Entries provided section start
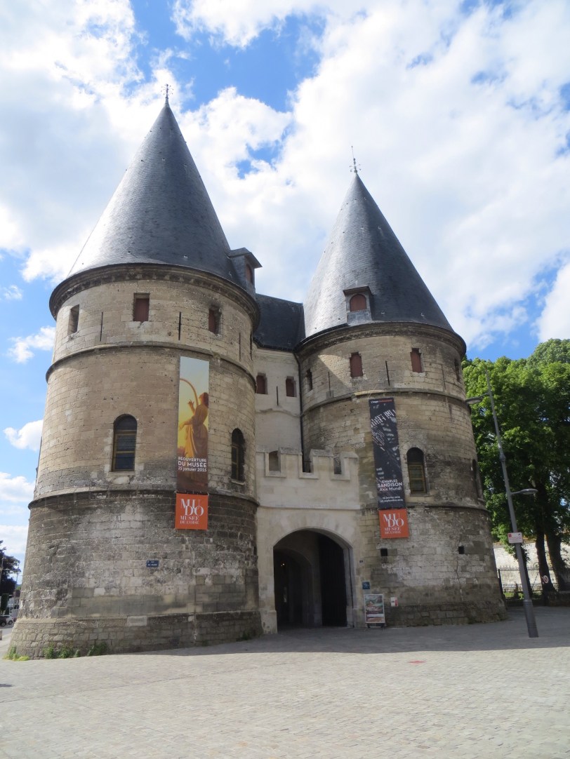 We were fascinated by the elaborate mechanical clock with some 90,000 parts from the mid 19th Century until we saw and heard the carillon clock from the 1300’s that still rings the bills and keeps accurate time. It is claimed to be the oldest chiming clock in the world that still works. We have many pictures. We didn’t go to the tapestry museum that housed the cathedral collection. But we did wander into the courtyard of the fortified bishops house behind the cathedral. The wonderful turret towers were added after riots aimed at the bishop made him nervous.
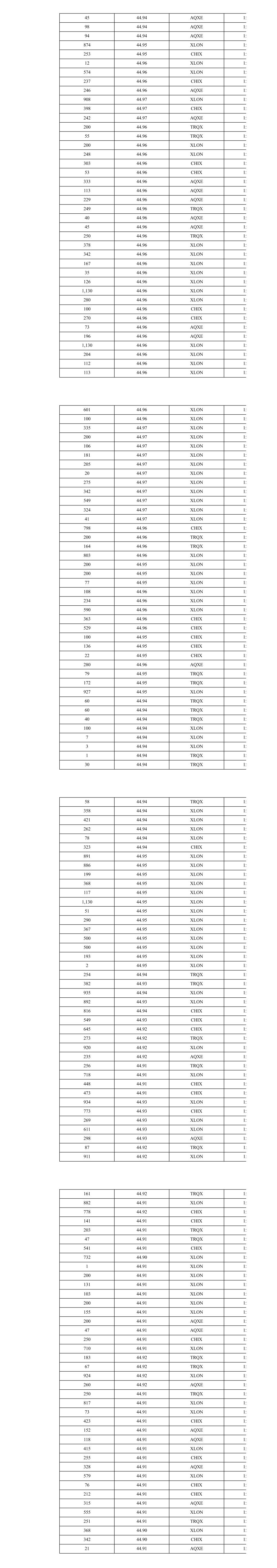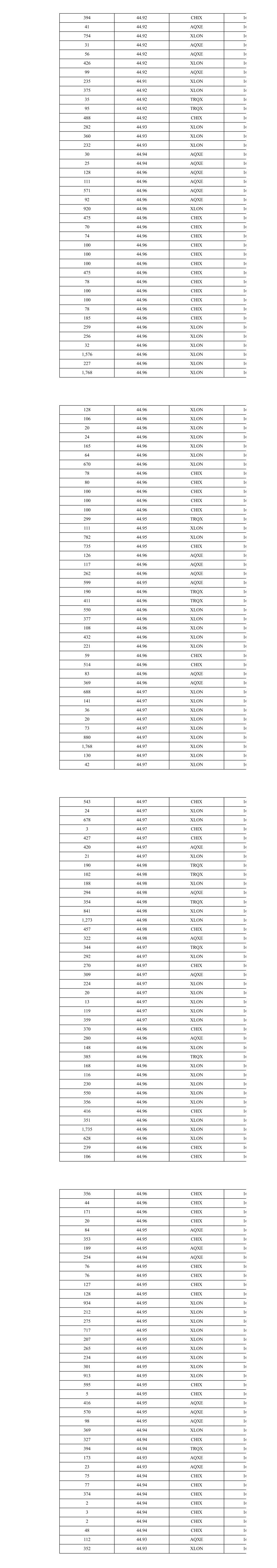 45 44.94 AQXE 15 98 44.94 AQXE 15 94 44.94 AQXE 15 874 44.95 XLON 15 253 44.95 CHIX 15 12 44.96 XLON 15 574 44.96 XLON 15 237 44.96 CHIX 15 246 44.96 AQXE 15 908 44.97 XLON 15 398 44.97 CHIX 15 242 44.97 AQXE 15 200 44.96 TRQX 15 55 44.96 TRQX 15 200 44.96 XLON 15 248 44.96 XLON 15 303 44.96 CHIX 15 53 44.96 CHIX 15 333 44.96 AQXE 15 113 44.96 AQXE 15 229 44.96 AQXE 15 249 44.96 TRQX 15 40 44.96 AQXE 15 45 44.96 AQXE 15 250 44.96 TRQX 15 378 44.96 XLON 15 342 44.96 XLON 15 167 44.96 XLON 15 35 44.96 XLON 15 126 44.96 XLON 15 1,130 44.96 XLON 15 280 44.96 XLON 15 100 44.96 CHIX 15 270 44.96 CHIX 15 73 44.96 AQXE 15 196 44.96 AQXE 15 1,130 44.96 XLON 15 204 44.96 XLON 15 112 44.96 XLON 15 113 44.96 XLON 15 601 44.96 XLON 15 100 44.96 XLON 15 335 44.97 XLON 15 200 44.97 XLON 15 106 44.97 XLON 15 181 44.97 XLON 15 205 44.97 XLON 15 20 44.97 XLON 15 275 44.97 XLON 15 342 44.97 XLON 15 549 44.97 XLON 15 324 44.97 XLON 15 41 44.97 XLON 15 798 44.96 CHIX 15 200 44.96 TRQX 15 164 44.96 TRQX 15 803 44.96 XLON 15 200 44.95 XLON 15 200 44.95 XLON 15 77 44.95 XLON 15 108 44.96 XLON 15 234 44.96 XLON 15 590 44.96 XLON 15 363 44.96 CHIX 15 529 44.96 CHIX 15 100 44.95 CHIX 15 136 44.95 CHIX 15 22 44.95 CHIX 15 280 44.96 AQXE 15 79 44.95 TRQX 15 172 44.95 TRQX 15 927 44.95 XLON 15 60 44.94 TRQX 15 60 44.94 TRQX 15 40 44.94 TRQX 15 100 44.94 XLON 15 7 44.94 XLON 15 3 44.94 XLON 15 1 44.94 TRQX 15 30 44.94 TRQX 15 58 44.94 TRQX 15 358 44.94 XLON 15 421 44.94 XLON 15 262 44.94 XLON 15 78 44.94 XLON 15 323 44.94 CHIX 15 891 44.95 XLON 15 886 44.95 XLON 15 199 44.95 XLON 15 368 44.95 XLON 15 117 44.95 XLON 15 1,130 44.95 XLON 15 51 44.95 XLON 15 290 44.95 XLON 15 367 44.95 XLON 15 500 44.95 XLON 15 500 44.95 XLON 15 193 44.95 XLON 15 2 44.95 XLON 15 254 44.94 TRQX 15 382 44.93 TRQX 15 935 44.94 XLON 15 892 44.93 XLON 15 816 44.94 CHIX 15 549 44.93 CHIX 15 645 44.92 CHIX 15 273 44.92 TRQX 15 920 44.92 XLON 15 235 44.92 AQXE 15 256 44.91 TRQX 15 718 44.91 XLON 15 448 44.91 CHIX 15 473 44.91 CHIX 15 934 44.93 XLON 15 773 44.93 CHIX 15 269 44.93 XLON 15 611 44.93 XLON 15 298 44.93 AQXE 15 87 44.92 TRQX 15 911 44.92 XLON 15 161 44.92 TRQX 15 882 44.91 XLON 15 778 44.92 CHIX 15 141 44.91 CHIX 15 203 44.91 TRQX 15 47 44.91 TRQX 15 541 44.91 CHIX 15 732 44.90 XLON 15 1 44.91 XLON 15 200 44.91 XLON 15 131 44.91 XLON 15 103 44.91 XLON 15 200 44.91 XLON 15 155 44.91 XLON 15 200 44.91 AQXE 15 47 44.91 AQXE 15 250 44.91 CHIX 15 710 44.91 XLON 15 183 44.92 TRQX 15 67 44.92 TRQX 15 924 44.92 XLON 15 260 44.92 AQXE 15 250 44.91 TRQX 15 817 44.91 XLON 15 73 44.91 XLON 15 423 44.91 CHIX 15 152 44.91 AQXE 15 118 44.91 AQXE 15 415 44.91 XLON 15 255 44.91 CHIX 15 328 44.91 AQXE 15 579 44.91 XLON 15 76 44.91 CHIX 15 212 44.91 CHIX 15 315 44.91 AQXE 15 555 44.91 XLON 15 251 44.91 TRQX 15 368 44.90 XLON 15 342 44.90 CHIX 15 21 44.91 AQXE 15
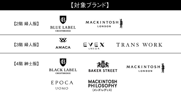 ■期間中、対象ブランドにて税込33,000円以上お買上げのお客様に、「次回使えるクーポン(3,000円)」をさしあげます。
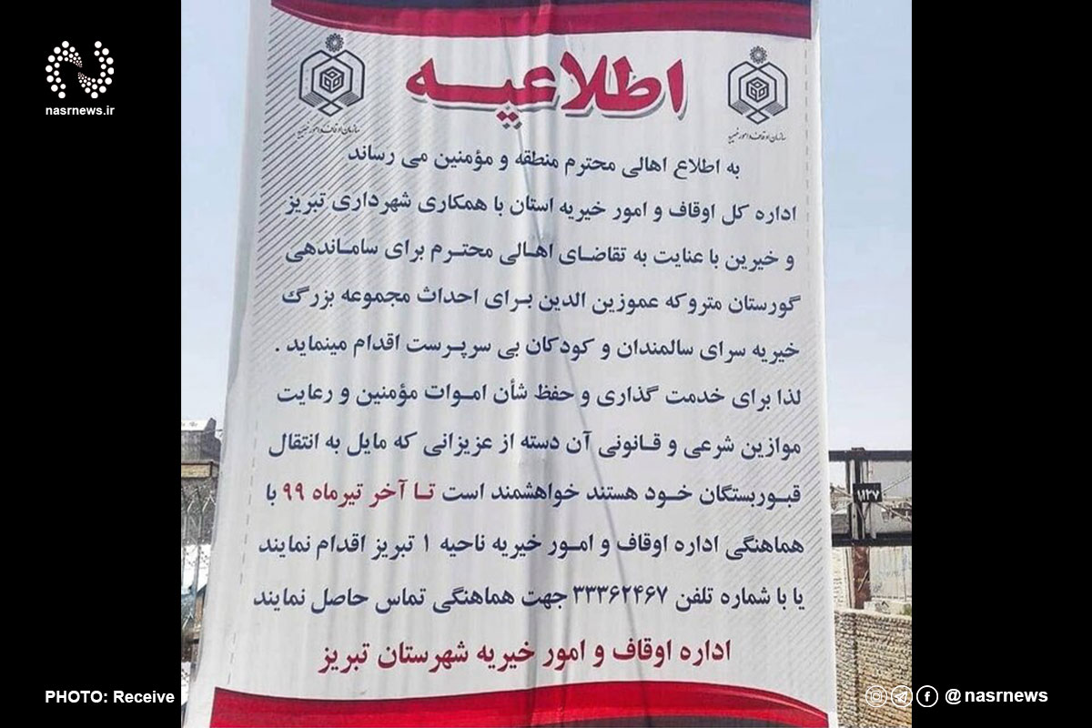 «به اطلاع اهالی محترم منطقه و مومنین میرساند، اداره کل اوقاف و امور خیریه استان با همکاری شهرداری تبریز و خیرین با عنایت به تقاضای اهالی محترم برای ساماندهی گورستان متروکه «عمو زینالدین» برای احداث مجموعه بزرگ خیریه سرای سالمندان و کودکان بیسرپرست اقدام میکند. لذا برای خدمتگزاری و حفظ شان اموات مومنین و رعایت موازین شرعی و قانونی آن دسته از عزیزانی که مایل به انتقال قبور بستگان خود هستند تا آخر تیر با هماهنگی اداره اوقاف ناحیه ۱ تبریز اقدام کنند.»
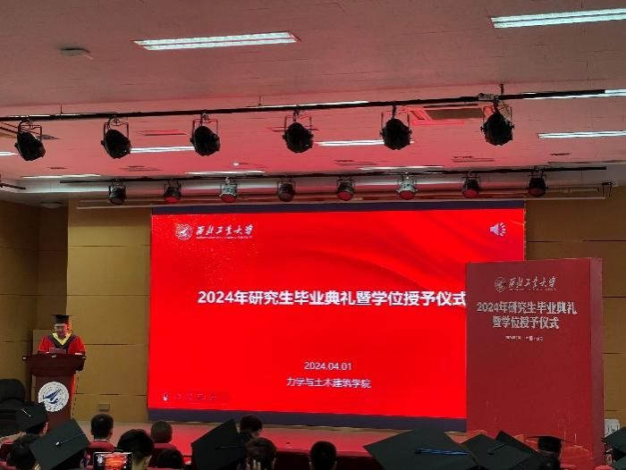 岁月苒苒,韶光匆匆;学成毕业,佳期相送。4月1日上午,力学与土木建筑学院毕业典礼暨学位授予仪式在学院楼报告厅隆重举行,学院党委书记巨维博、学术委员会副主任乔吉超、教师代表、辅导员代表出席本次研究生毕业典礼,仪式由学院党委副书记路宽主持。
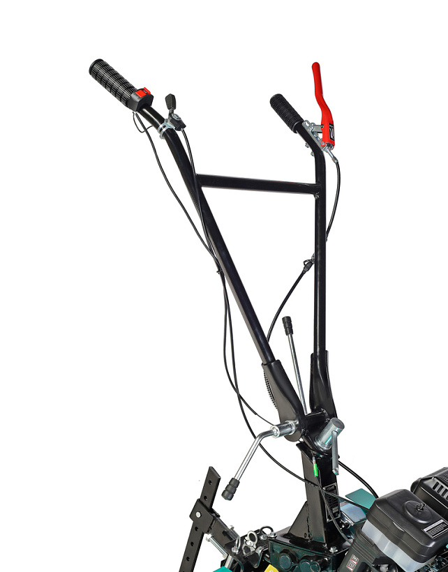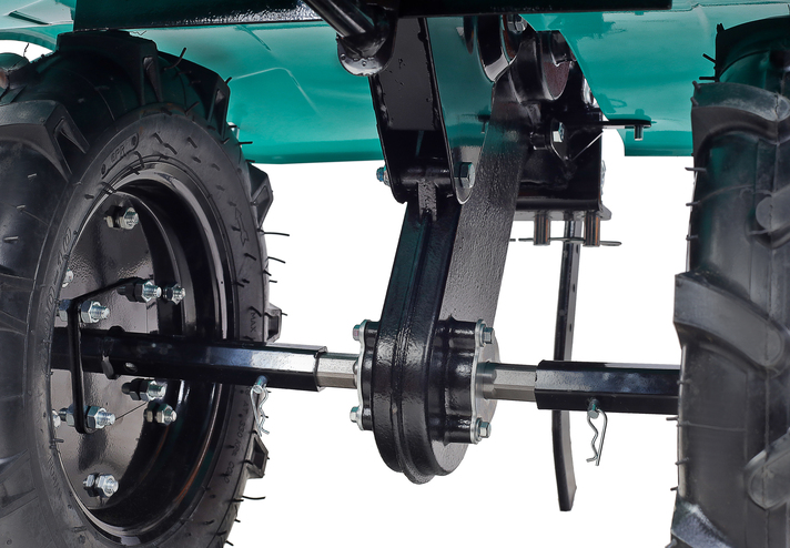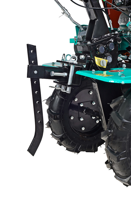 В оснащение мотоблока входит трансмиссия на основе трехступенчатого редуктора (2 ступени переднего хода и одна заднего) с реверсом, пара устойчивых ведущих колес, удобная система управления (рычаги и тумблеры непосредственно на руле). Есть набор устанавливаемых фрез. Ведущие колеса мотоблока – это пара стальных дисков с пневматическими шинами, с «болотным» протектором, не допускающим пробуксовки.
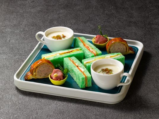 一段目のプレートには、優勝杯をモチーフにしたアイシングクッキーと、闇の帝王ヴォルデモートの復活のシーンから着想を得た「復活の大鍋シュー」が、二段目には、第一の課題でハリーがドラゴンのハンガリー・ホーンテールと戦った岩場をメレンゲで再現し、マンゴーとパッションフルーツのムースを添えた「ロッキー ケーキ」、そして第二の課題解決のヒントを得た監督生の風呂場をイメージした色鮮やかなベリーヌをラインナップ。そして、マルフォイがハリーに言い放った名セリフ「汚いぞ、ポッター!(Potter stinks!)」を記したバッチ型のチョコレートも登場します。三段目には、第三の課題の迷路を表現したサンドウィッチなど、3つのプレートを舞台に物語が展開されます。また、アフタヌーンディーをご注文いただいたお客様全員に、4種のドラゴンのアイシングクッキーがランダムに当たる特典をご用意。三大魔法学校対抗試合の代表選手たちが対決するドラゴンを引くシーンさながら、巾着の中に入った4種のアイシングクッキーを選んでいただくことができます。ハリーたち出場選手のドキドキ感とともに味わえる、特別企画だけのメニューをお楽しみください。
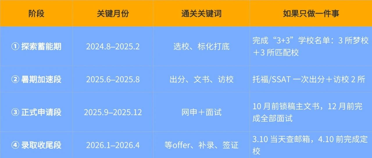 8月做托福首考摸底 → 12 月前托福 ≥90;次年 1 月首考 SSAT。
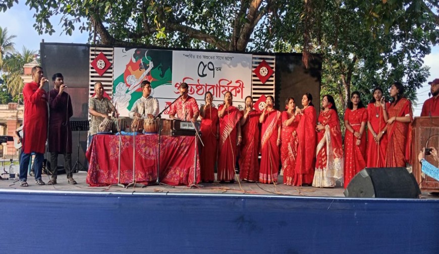 শুক্রবার বিকেলে টাউন হল ময়দানের রওশন আলী মঞ্চে সমবেত কন্ঠে জাতীয় সংগীত এবং উদীচী সংগীত পরিবেশনের মধ্যদিয়ে অনুষ্ঠানে শুরু হয়। এর পরেই পরপর তিনটি গনসংগীত ও সমবেত নৃত্য পরিবেশন শেষে হয় আলোচনা সভা।
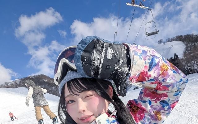 写真には、スノーボードをする格好でポーズを決めるむめいの姿が。
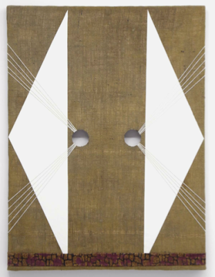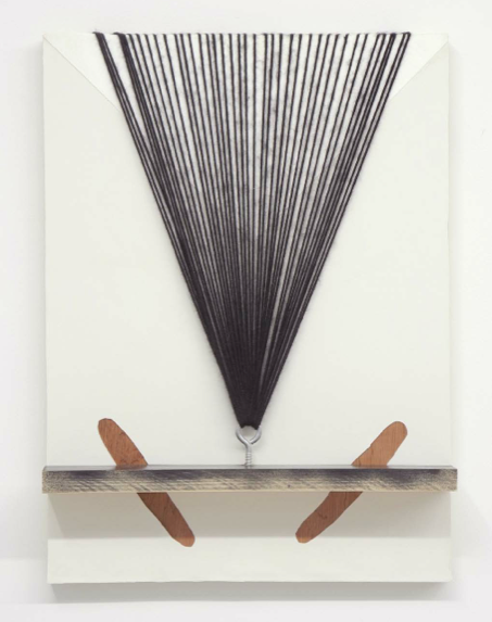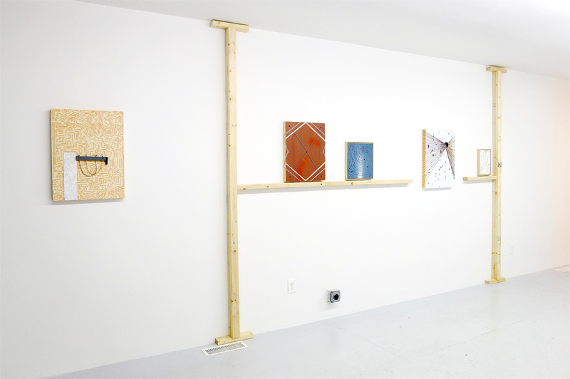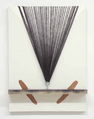 But, viewing the body of work, it becomes obvious that Ebstein sidestepped all potential pitfalls the artist statement had proffered and, instead, offers up an impressive and cohesive collection of paintings that are well executed, and inviting. Using various types of string and twine laid out, glued to, or strung across, above and inside geo color-field surfaces, the work playfully creates illusions that invite the viewer into their maze-like constructions. Her color palette is muted, earthy, and harmonious—rare in these days of high chroma histrionics. Likewise, the construction of the work is firm and infectious, yet is in some ways quite traditional. Moving from painting to painting in this well curated exhibition, one lingers following the interplay of perception, disruption and overlapping ways of seeing— all abstractly rendered.
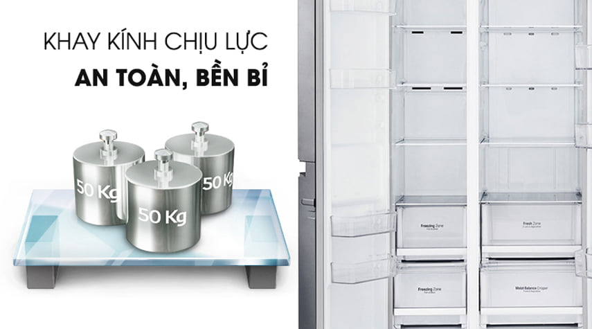Khay kính chịu lực của tủ lạnh Side By Side B257JDS có thể đỡ được vật nặng đến 150kg, bạn hoàn toàn có thể yên tâm đặt những thực phẩm có sức nặng mà không lo bị vỡ.
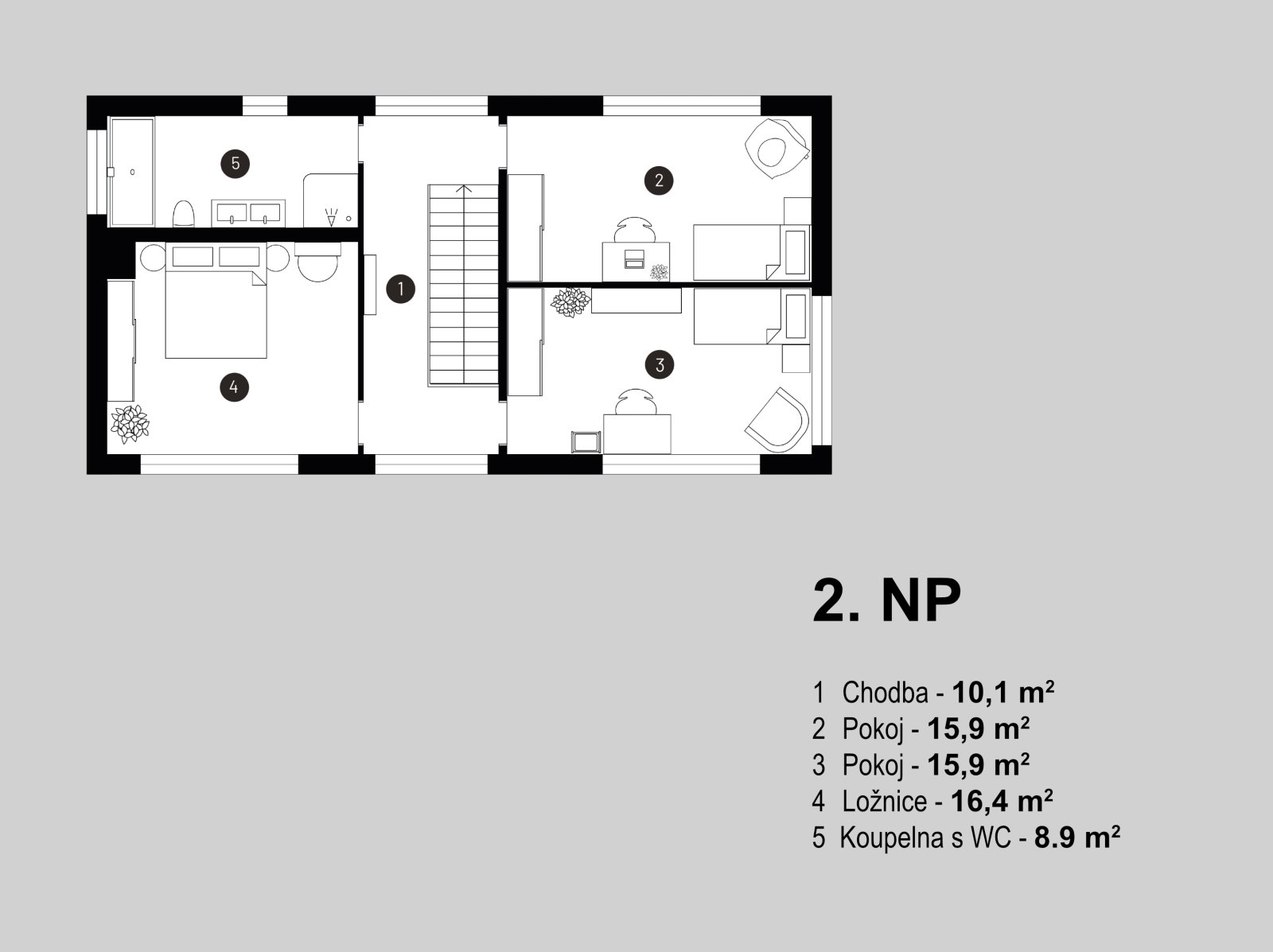 plocha 199 m2 zahrnuje i dvojgaráž 40 m2. Pozemek o výměře 809 m2 je
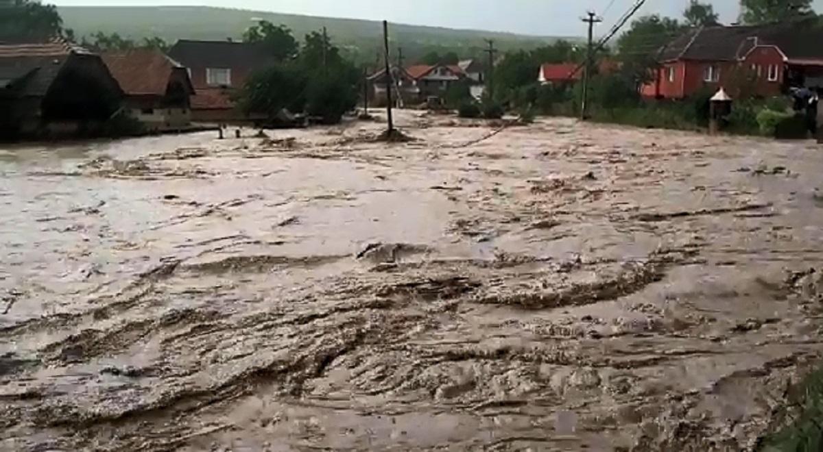 Imagini cu puhoiul de apă care a devastat două localităţi din Bistriţa (Video)
Entries provided section end
▸ **Task requirements**
Nothing except the lines from the one containing "اطلاع اهالی محترم" through the one containing "岁月苒苒,韶光匆匆;学成毕业" should appear in the answer, exactly as above and without pictures.

▸ **Answer to the problem**
 «به اطلاع اهالی محترم منطقه و مومنین میرساند، اداره کل اوقاف و امور خیریه استان با همکاری شهرداری تبریز و خیرین با عنایت به تقاضای اهالی محترم برای ساماندهی گورستان متروکه «عمو زینالدین» برای احداث مجموعه بزرگ خیریه سرای سالمندان و کودکان بیسرپرست اقدام میکند. لذا برای خدمتگزاری و حفظ شان اموات مومنین و رعایت موازین شرعی و قانونی آن دسته از عزیزانی که مایل به انتقال قبور بستگان خود هستند تا آخر تیر با هماهنگی اداره اوقاف ناحیه ۱ تبریز اقدام کنند.»
 岁月苒苒,韶光匆匆;学成毕业,佳期相送。4月1日上午,力学与土木建筑学院毕业典礼暨学位授予仪式在学院楼报告厅隆重举行,学院党委书记巨维博、学术委员会副主任乔吉超、教师代表、辅导员代表出席本次研究生毕业典礼,仪式由学院党委副书记路宽主持。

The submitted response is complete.